Sid Bonkers said:
I heard recently that a consultant at a large hospital found to his dismay that he was the only doctor on call over the recent back holiday. I doubt if there is a hospital ward in this country that is not understaffed, it is a very real problem that will inevitably end disastrously for some I fear.
Mrs Yorks will start her 8pm til 8am shift in the haematology labs this evening. She has to run three separate labs, single handed. A&E, emergency surgery and maternity are all told that the labs provide a 24 hour service. What they are not told is that there is only one person there.
Many years ago all the Labs in Pathology, haematology, biochemistry, histology, microbiology etc had lab staff, seniors, and managers. They were all in the labs, in white coats, working at the lab benches, even the senior chief, head of all the Labs in the Pathology.
One day someone thought it a good idea that the senior chief and the individual lab managers were moved out of the labs into separate office well away from the laboratories. They immediately protected themselves with a ring of secretaries and personal assistants. So, the overall productivity went down and the staff numbers went up. Furthermore, because they were now separate from the labs, they needed some sort of interface so they used the seniors who now spend 50% of their time in meetings, resulting in even less productivity. They are so remote that Mrs Yorks refused the senior chief entry to the labs because she didn't know who he was, despite him having been in position for 6 months. Comments by the managers like,
'oh this is new, what does it do?' meets replies like,
'you should know, you ordered it'. More worryingly is the fact that they are also expected to be fully familiar with the operational procedures and be expected to step in and use it, but they can't. They rely on stand ins, locums, at £500 a day.

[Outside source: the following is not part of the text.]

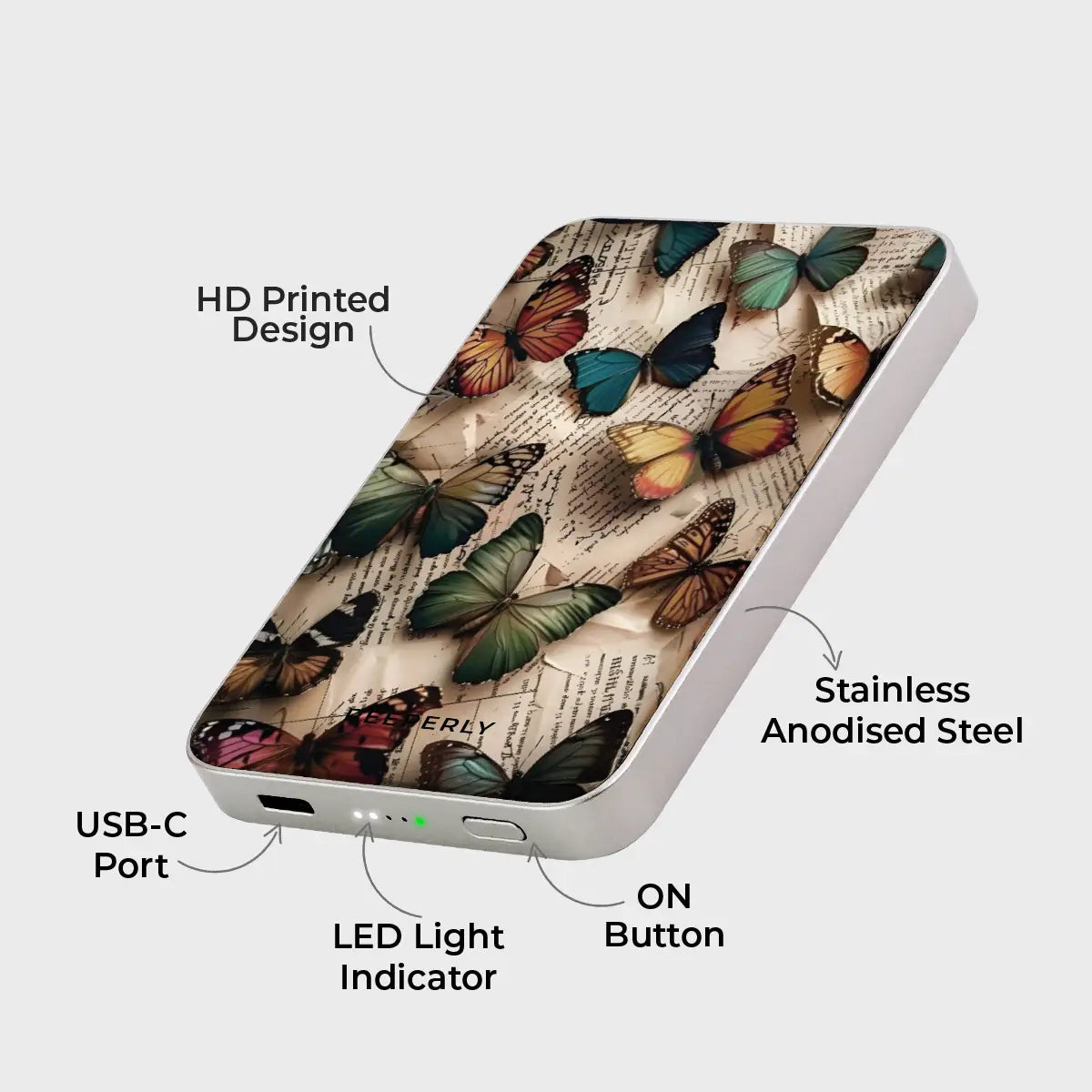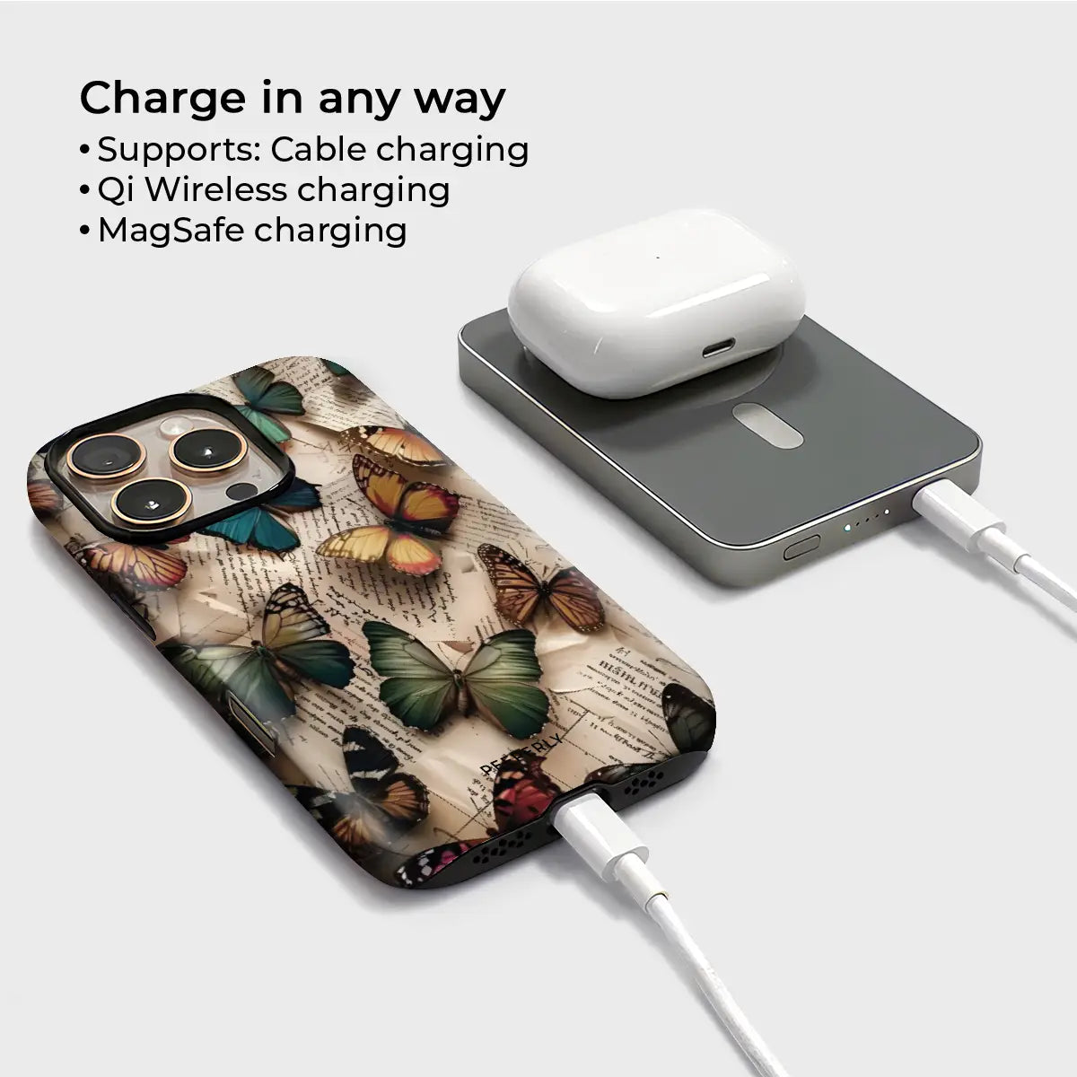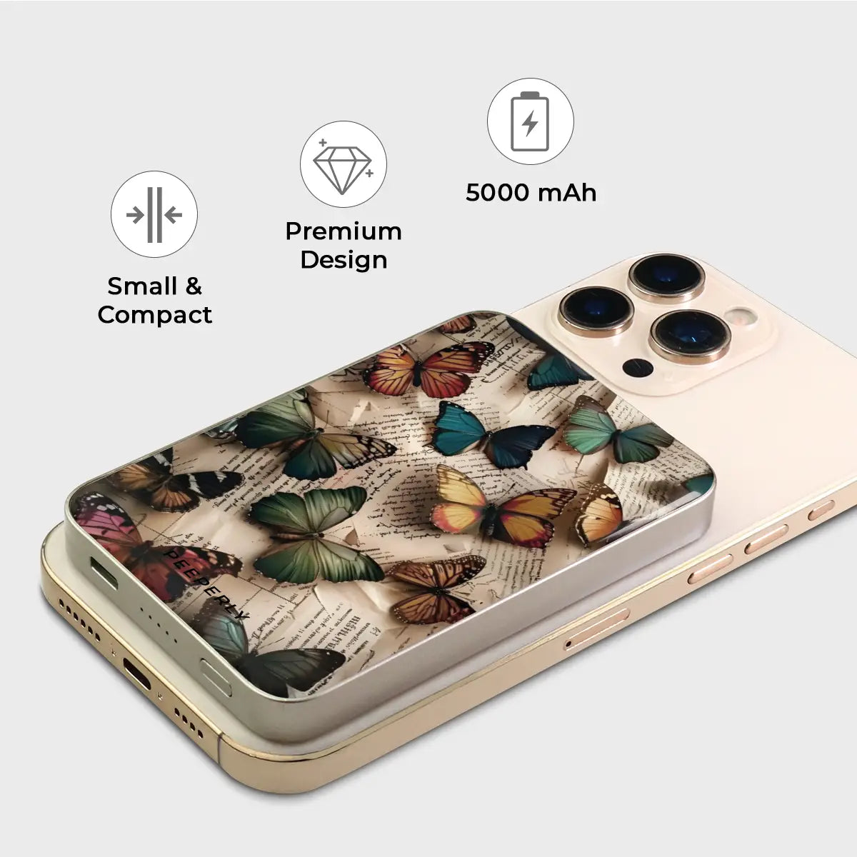 Delicate, vintage, and full of charm. Papillon Whispers showcases a graceful arrangement of richly colored butterflies resting over soft parchment script, creating a timeless, romantic aesthetic. The blend of earthy tones, muted greens, warm ambers, and subtle pinks gives the design a nostalgic yet elegant feel.

Has anything at all been achieved by this? Well not much. Most of the hospital management don't even know that the labs are there. When the new hospital was planned, all the plans had been signed sealed and delivered and Bovis Homes, who had never built a hospital, got the contract. Someone in the Path Lab saw the plans and asked, where are the Path Labs? No one had included them in the plans. Well, not to matter, they hadn't even included a laundery. It gets worse, much worse but as all the staff are reminded, whistle blowing is a sackable offence. To quote my mate's sister who is a personal admin to a consultant,
'no one seems to do anything'. I can well believe her.